というわけで、ひとつひとつ整理していくことにします。
知る・感じる・疑問に思う
スタート地点はやっぱり、疑問をもつこと、好奇心をもつことだと思います。問題を発見し、問題を正しく定義するためには、それが必要。
デザインするためには、問題を創造的に解決するための発想のひらめきが必要です。
発想するためにはまずそのための場所を空けなくてはならない。すべてが解決済みでは新しい発想は必要ない。発想するためには何より発想が必要な場所を見つけることが肝要です。それには当たり前と思っている物事をいったんカッコに入れて疑ってみることが必要です。
疑問は自然と湧いてくるものではない。意識して疑問をつくりあげることが必要。問題が外から与えられるのを待っているような人は、僕は本当の意味でデザインする人とはいわないと思います。
ありきたりの日常の光景に疑問をもち、そこに意味のある問題を発見するためには、できるだけ多くの知識のアーカイブが必要です。それもできれば経験的な知識が多ければ多いほどよい。
勘違い人が多いように思いますが、知識があるから疑問をもつことができるのです。知識はわかるために必要なのではなく、わからないことを発見するために必要なのです。
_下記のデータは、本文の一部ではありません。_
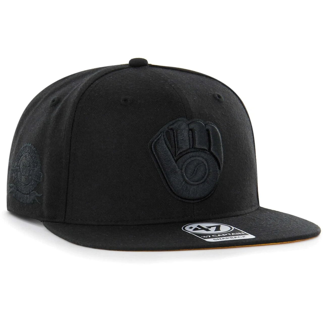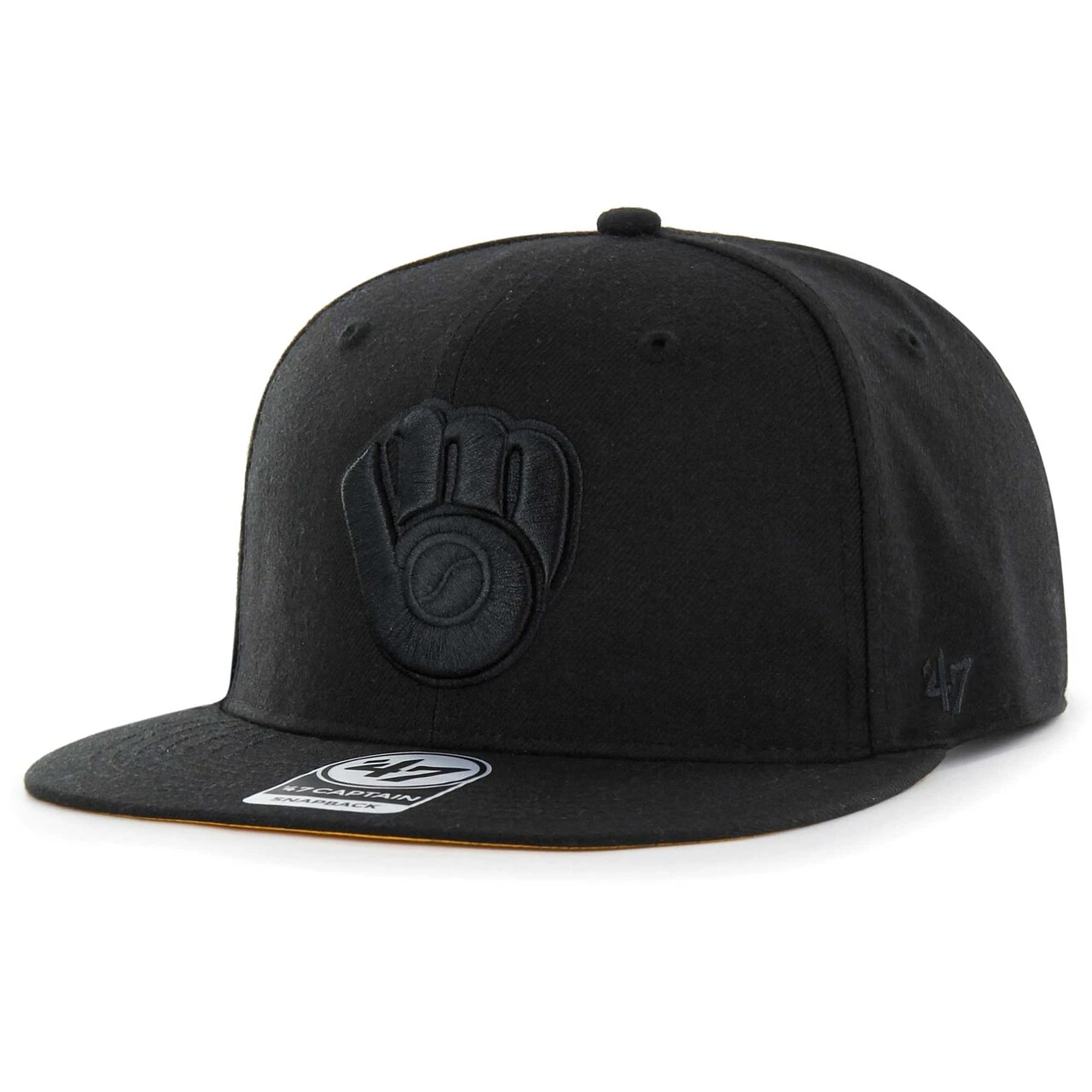 Men’s Milwaukee Brewers ’47 Black On Black Sure Shot Captain Snapback Hat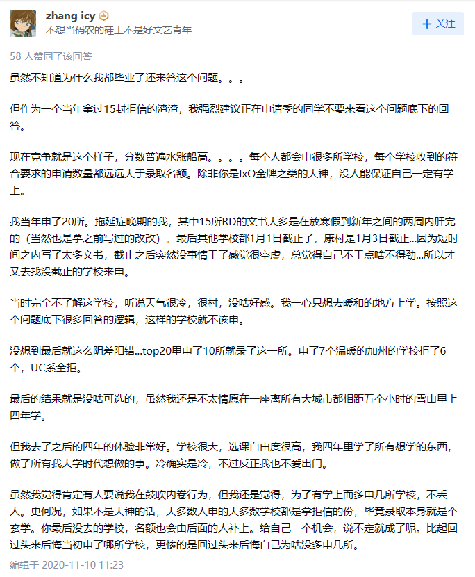 最后分享一下第一位答主的最后一段,希望与即将进入申请季的你与君共勉💚——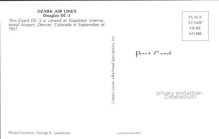 Flugzeuge Zivil Ozark Air Lines Douglas DC-3 postalisch nicht gelaufen Erhaltung siehe scans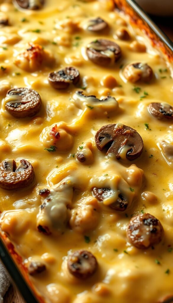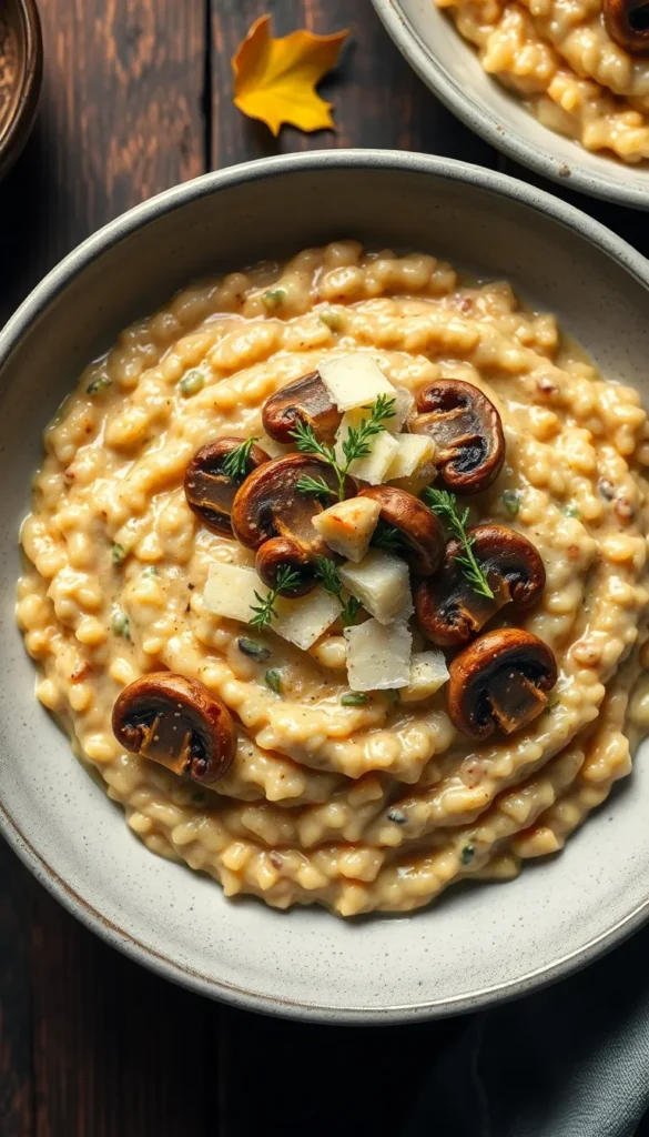 Slowly add warm broth to the sautéed rice while stirring. Add mushrooms and cheese until creamy.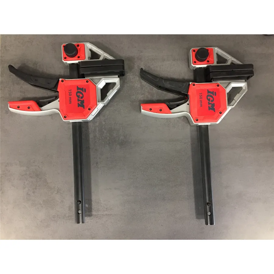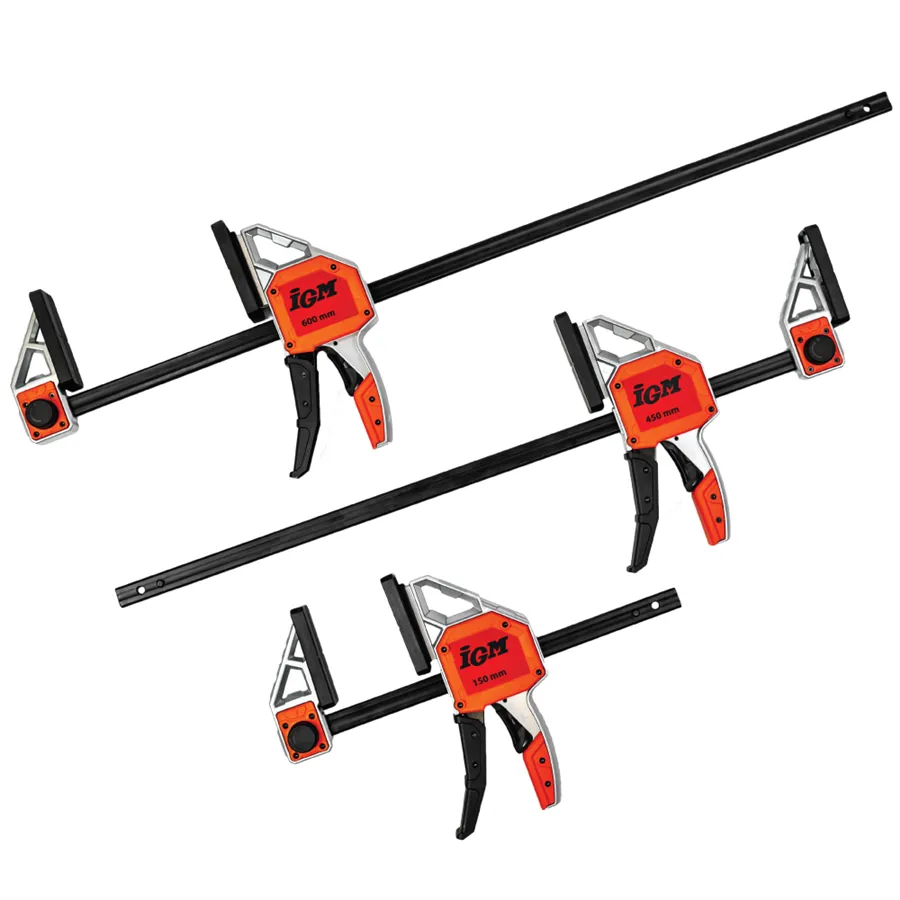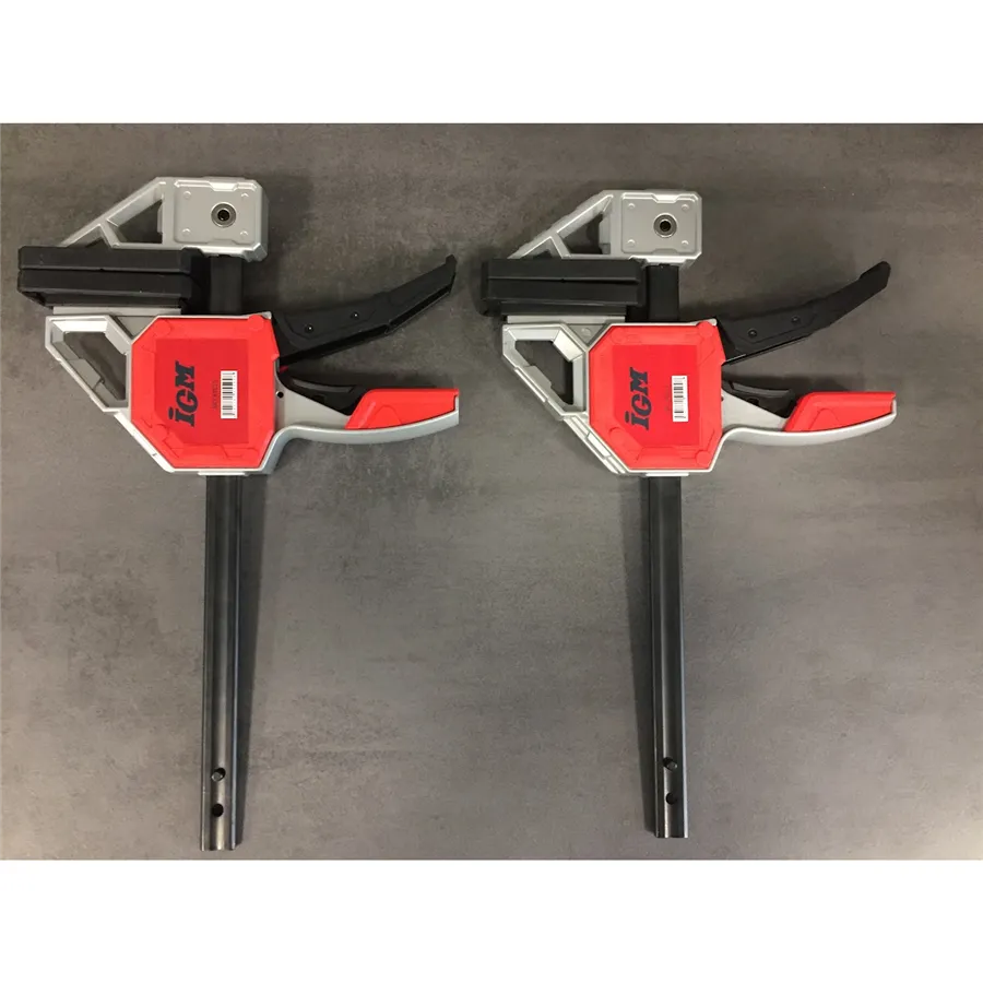 IGM ALU Ścisk szybkomocujący jest przeznaczony dla profesjonalistów i majsterkowiczów, którzy potrzebują w swoim warsztacie solidnego, wytrzymałego ścisku stolarskiego. Szczęki ścisku o głębokości 95 mm wykonane są z aluminium i posiadają duże podkładki 90x36 mm wykonane z miękkiego plastiku. Prowadnica 6x19 mm wykonana jest ze stali węglowej. Ścisk jest wyposażony w dźwignię szybkomocującą i zdejmowaną szczękę do przekształcenia w rozpierak za pomocą pokrętła. Maksymalna siła zacisku do 140 kg. Dostępny w kilku rozmiarach.

知識が多ければ多いほど、わからないことは多くなるんですね。
原研哉さんは『デザインのデザイン』のなかで「むしろ知っていたはずのものを未知なるものとして、そのリアリティにおののいてみることが、何かをもう少し深く認識することにつながる」と言っています。わかっているものなかに「わからない」何かを見つける目を持つことで、小さな疑問にこだわることができるようになる。ある問題と別の問題の違いを見分けられるようになるから、どんどん新しい問題が解決できるようになる。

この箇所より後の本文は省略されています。